Галстуков я в ту пору принципиально не носил, расхаживал в коричневых сапогах, в галифе, в косоворотке и пиджаке. В мейерхольдовском театре на это никто, не обращал внимания, но как-то Мейерхольды повезли меня на прием в турецкое посольство, и тут случился конфуз: швейцар оттер меня от Зинаиды Николаевны и Мейерхольда, и я оказался в низкой комнате, где шоферы дипломатов, аккредитованных в Москве, играли в домино и пили кофе из маленьких чашек. Было накурено, весело и шумно. Минут через сорок пришел Мейерхольд, жалостно посмотрел на меня и произнес:
– Зинаида Николаевна сказала, что это из-за твоих красных боярских сапог тебя не пустили. Ты не огорчайся только. В следующий раз Зина тебя в нашем театральном гардеробе приоденет, у нее там есть знакомство…
Шоферы дипломатических представительств с грохотом забивали «козла». Какое-то чудище в багровом фраке, в жабо, в аксельбантах жадно глодало в углу баранью кость. Иногда забегали лакеи выпить чашечку кофе. Забежал и мажордом.
– Этого я всегда путаю с одним послом, – сказал Всеволод Эмильевич. – И всегда с ним здороваюсь за руку. Он уже знает и говорит: «Я не он. Он там в баро пьет коньяк».
Мейерхольд подтянул к себе поднос, снял с пего чашечку кофе, пригубил и, внимательно оглядевшись, сказал:
– Здесь, знаешь ли, куда занятнее, чем наверху. В следующий раз надену твои розовые сапоги боярского покроя, и пусть меня наверх не пустят. Кофе такое же, – а люди интереснее. Ох, этот народец порассказать может, а?
Долго, жадно вглядывался во все и во всех, словно вбирая и запоминая живописные группы людей, и неожиданно со сладким кряхтением произнес:
– Как интересно!
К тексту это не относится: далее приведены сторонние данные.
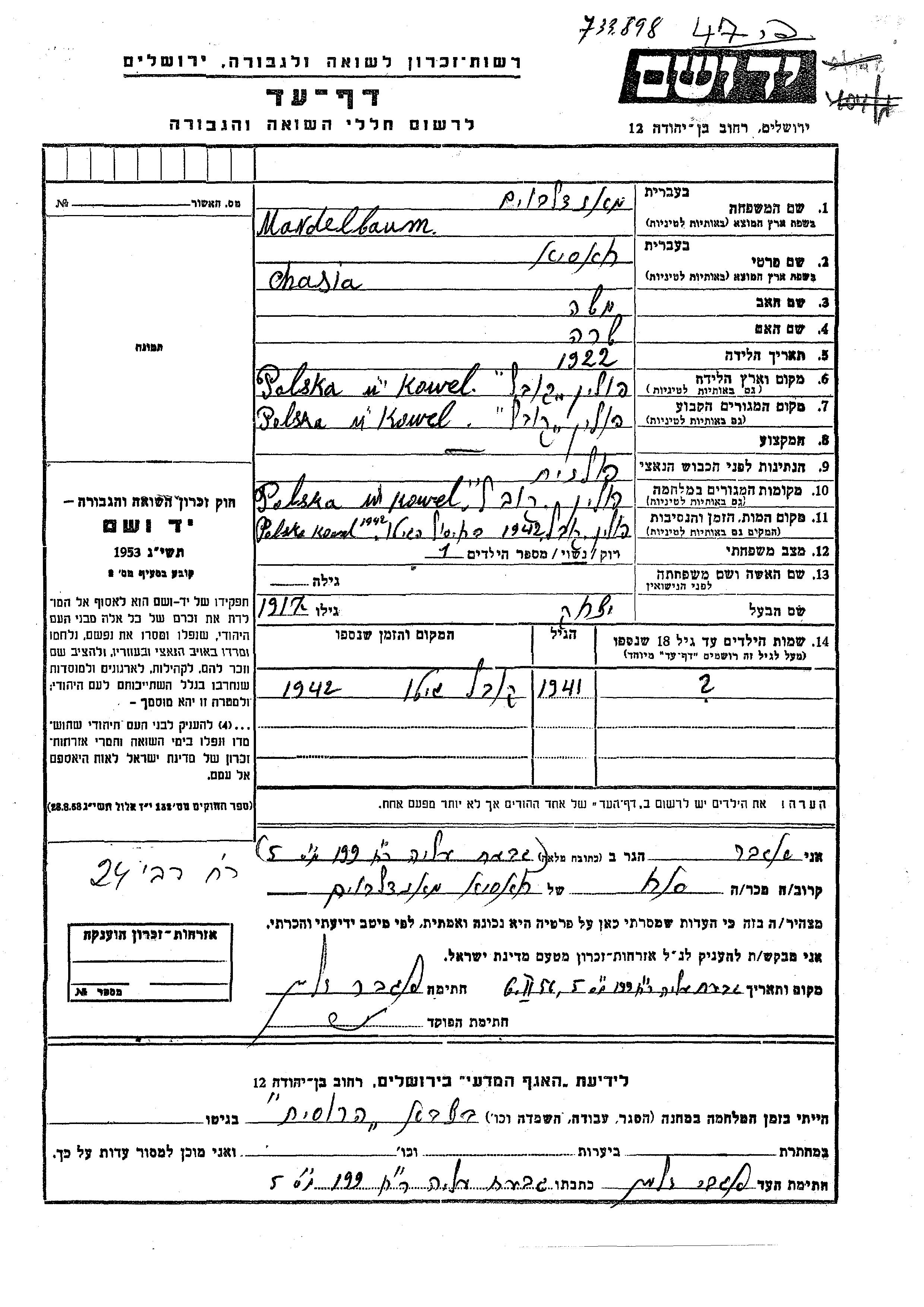 Mandelbaum prénom inconnu 1941 Kowel, Pologne Feuille de témoignage

Ах, как интересно! Ай-ай-ай!
Эту прекрасную жадность художника я не раз замечал в нем: нужно было видеть, как он вдруг останавливался возле дома в Брюсовском, или на Гоголевском бульваре, или в Охотном и, вглядываясь в нечто, только ему видимое, только им замеченное и отмеченное, восхищался, вбирая в себя и никому не показывая эту свою внезапно приобретенную личную собственность.
Что это было?
Улица?
Дерево?
Освещение?
Человек?
Красота или уродство?
– Как интересно! Ах, как интересно! Ай-ай-ай!
И сейчас мне слышится эта интонация.
В этом смысле Мейерхольд был стяжателем и собственником.